Authentication & Authorization

Why Engineers Care About This

Authentication answers "who are you?" Authorization answers "what can you do?" These are fundamental security concerns. When you get them wrong, you create vulnerabilities. When you get them right, you enable secure, scalable systems. Most security breaches come from authentication or authorization failures—weak passwords, missing authorization checks, token leaks, or privilege escalation.

When users can access data they shouldn't, or attackers can impersonate users, or tokens are leaked and reused, you're hitting authentication/authorization problems. These problems are often invisible until exploited. A missing authorization check might work fine in development (you're the only user), but allows data breaches in production. A weak token validation might seem fine until tokens are stolen and reused.

In interviews, when someone asks "How would you implement authentication?", they're really asking: "Do you understand the difference between authentication and authorization? Do you know how to implement secure, scalable auth? Do you understand token-based vs session-based auth?" Most engineers don't. They implement auth that works but isn't secure, or secure but doesn't scale.

Core Intuitions You Must Build

• Authentication is identity, authorization is permission. Authentication verifies who you are (username/password, API keys, OAuth tokens). Authorization checks what you can do (can this user access this resource?). These are separate concerns. A user can be authenticated (we know who they are) but not authorized (they can't access this resource). Design systems that separate these concerns—authenticate once, authorize on every request.

• Stateless authentication scales, stateful sessions don't. Server-side sessions require storing session state (usually in memory or a database). This creates bottlenecks—every request requires a session lookup, and sessions are server-specific (requiring sticky sessions for load balancing). Stateless authentication (JWT tokens) stores identity in the token itself, which clients send with each request. Servers verify tokens without lookups, enabling horizontal scaling.

• Tokens expire for security, refresh tokens for usability. Access tokens should have short expiration times (15 minutes to 1 hour) to limit damage if stolen. But short expiration creates poor UX (users re-authenticate frequently). Refresh tokens solve this—they're long-lived tokens that can be used to get new access tokens. When an access token expires, clients use the refresh token to get a new one without re-authenticating. This balances security (short-lived access tokens) with usability (long-lived refresh tokens).

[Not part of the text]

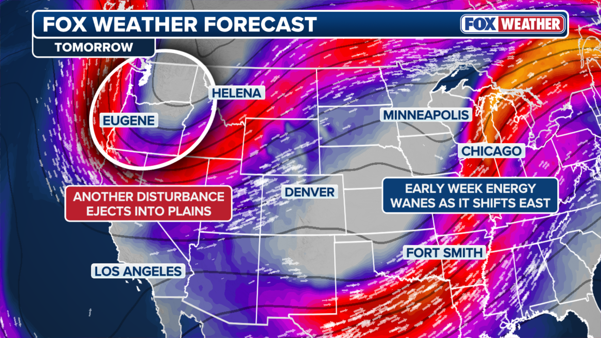 By night, the front will accelerate, forecast to reach the East Coast by Sunday morning.

• OAuth is delegation, not just "login with Google." OAuth lets users grant third-party applications limited access to their resources without sharing passwords. When you "login with Google," you're using OAuth—Google authenticates you, then gives the application a token with limited permissions. OAuth is about delegation: users control what applications can access. Understanding OAuth flows (authorization code, client credentials, device flow) helps you implement secure third-party integrations.

• RBAC is about roles, not individual permissions. Role-Based Access Control (RBAC) assigns permissions to roles, then assigns roles to users. Instead of checking "can user X do action Y?" you check "does user X have role Z, and does role Z allow action Y?" This scales better than individual permissions (you don't need to update every user when permissions change—just update the role). But RBAC requires careful role design—too many roles create complexity, too few roles create security gaps.

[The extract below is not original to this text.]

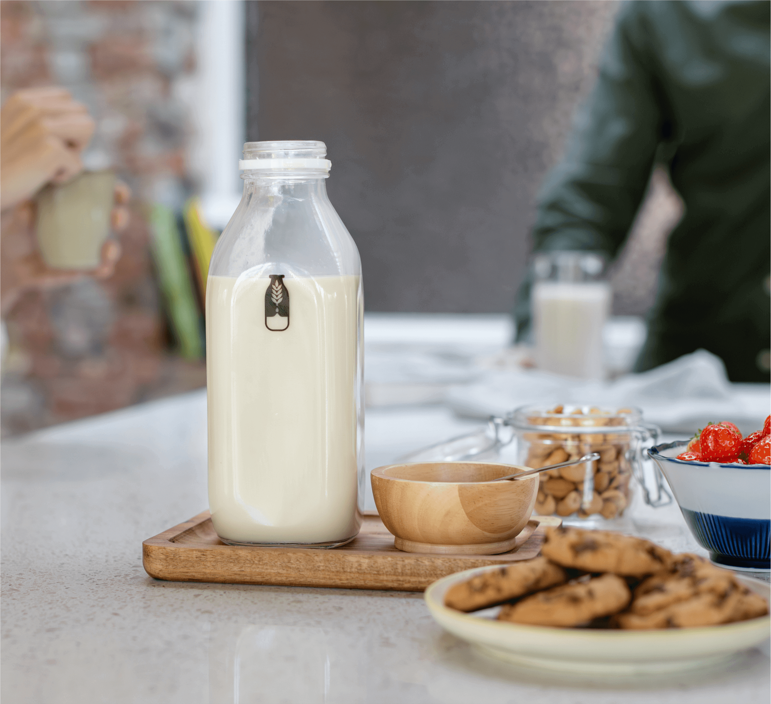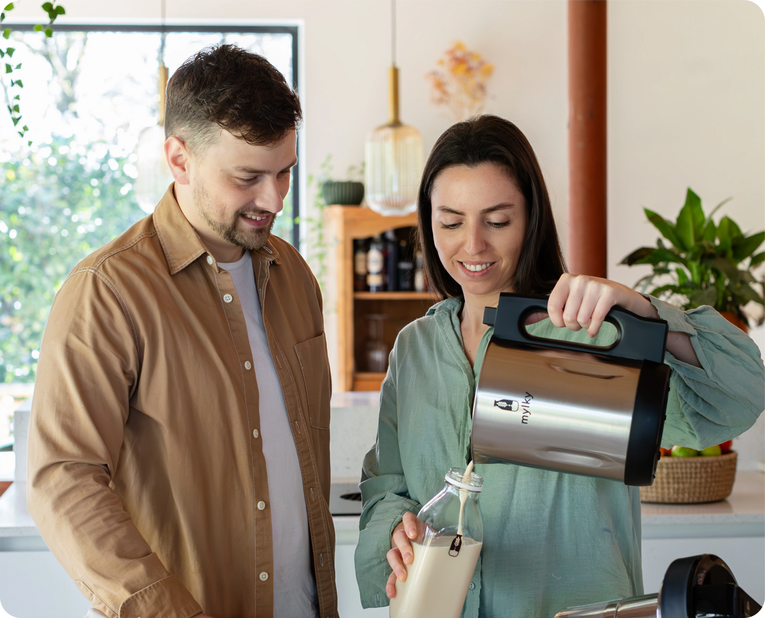 Vi er Martin (fra Sverige) og Isa (fra Belgien). Martin voksede op i Sverige i 90’erne og drak store mængder komælk hver dag. I de seneste år er vi gået helt over til plantebaserede alternativer til mælk – men vi blev trætte af alle tilsætningsstofferne og affaldet fra mælkekartoner.

• Security is about defense in depth, not perfect systems. No single security measure is perfect. Passwords can be weak, tokens can be stolen, authorization checks can have bugs. Defense in depth means multiple layers of security: strong passwords + rate limiting + token expiration + authorization checks + audit logging. If one layer fails, others provide protection. Don't rely on a single security measure—use multiple layers.

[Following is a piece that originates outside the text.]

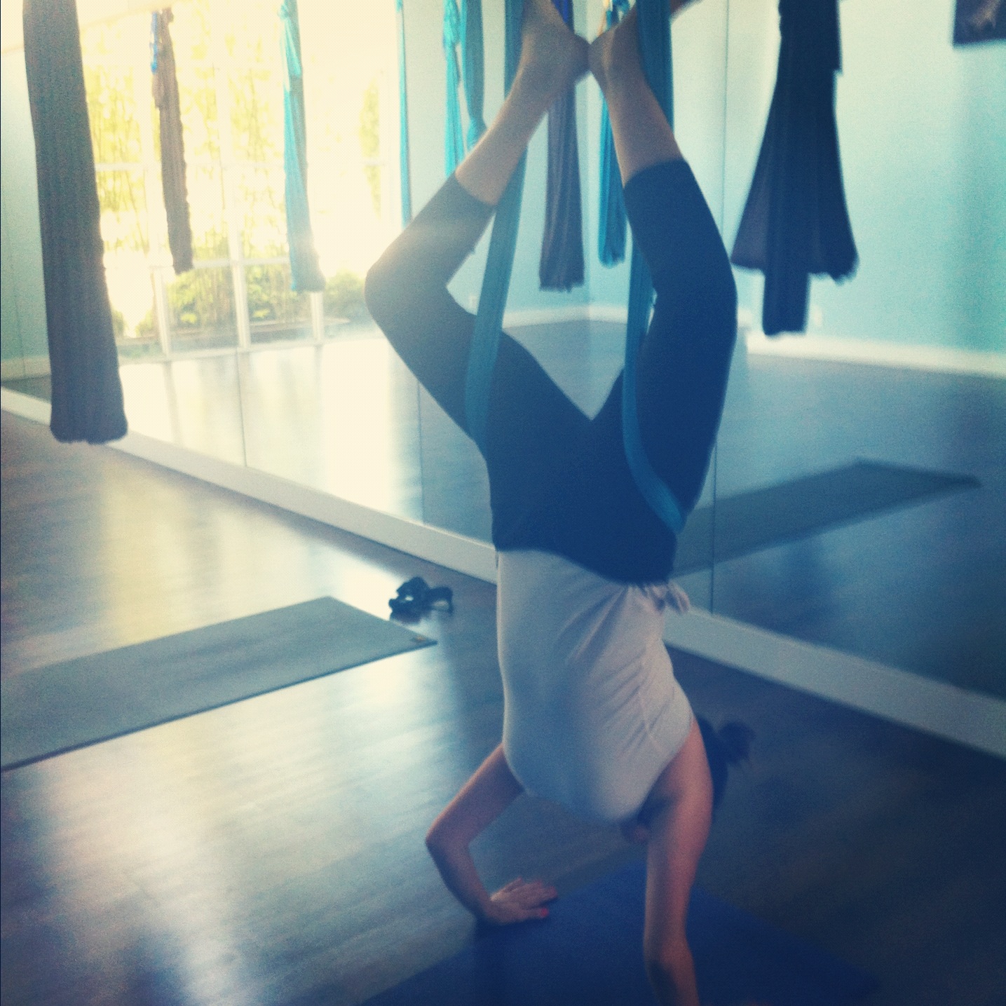 So happy to have finally tried Aerial Yoga! Let’s just say it’s much harder than it looks. I was thankful the class started with some breathing exercises to get the body relaxed and ready for suspension. Since it was my first time, I was probably more scared than most-mainly that I would fall out and hit the ground head first! Luckily this didn’t happen! Coming from FNS all week, I was a bit sore. This was perfect because it literally streches your ENTIRE body out. You know the feeling of being sore and thinking, “Ohhhh, that’s what that muscle is for?” Sort of what I am feeling this week. The teacher was great, helped us newbies out and said it would get better each time you go. The rope was a little awkward feeling around my hips at first, but she said this was normal. The poses inside the hammock allow you to relax and literally let go of everything. The only thing that was a bit scary (aside from thinking I was going to fall) was the head rush feeling of being upside down for so long….Controlling the breath helped with this unpleasant feeling! My favorite part was the last 5 minutes of breathing completely inside the hammock, like a cacoon. To be able to let go, breath and dive deep into peaceful thoughts is absolutely refreshing. Overall, it was great and a nice finish to my week! I purchased the new student 5 classes for $50 and will be back next week! Who wants to join me?

Subtopics (Taught Through Real Scenarios)

Token-Based Authentication (JWT)

What people usually get wrong:

Engineers often think JWT tokens are "just encrypted user IDs." But JWTs are signed, not encrypted. The signature proves the token wasn't tampered with, but the payload is readable (it's base64-encoded, not encrypted). Don't store sensitive data in JWTs. Also, JWTs can't be revoked easily (they're stateless). If a token is stolen, you can't "invalidate" it until it expires. This is why short expiration times matter—they limit the window of vulnerability.

How this breaks systems in the real world:

An API used JWTs with 30-day expiration. A token was stolen (leaked in logs, copied from browser storage). The attacker used the token for 30 days, accessing the user's data. The user changed their password, but the token still worked (JWTs are stateless—password changes don't invalidate tokens). The fix? Use shorter expiration times (1 hour), implement refresh tokens, and add token blacklisting for critical operations (logout, password change). But the real lesson is: JWTs are stateless, which enables scaling but limits revocation. Design for this trade-off.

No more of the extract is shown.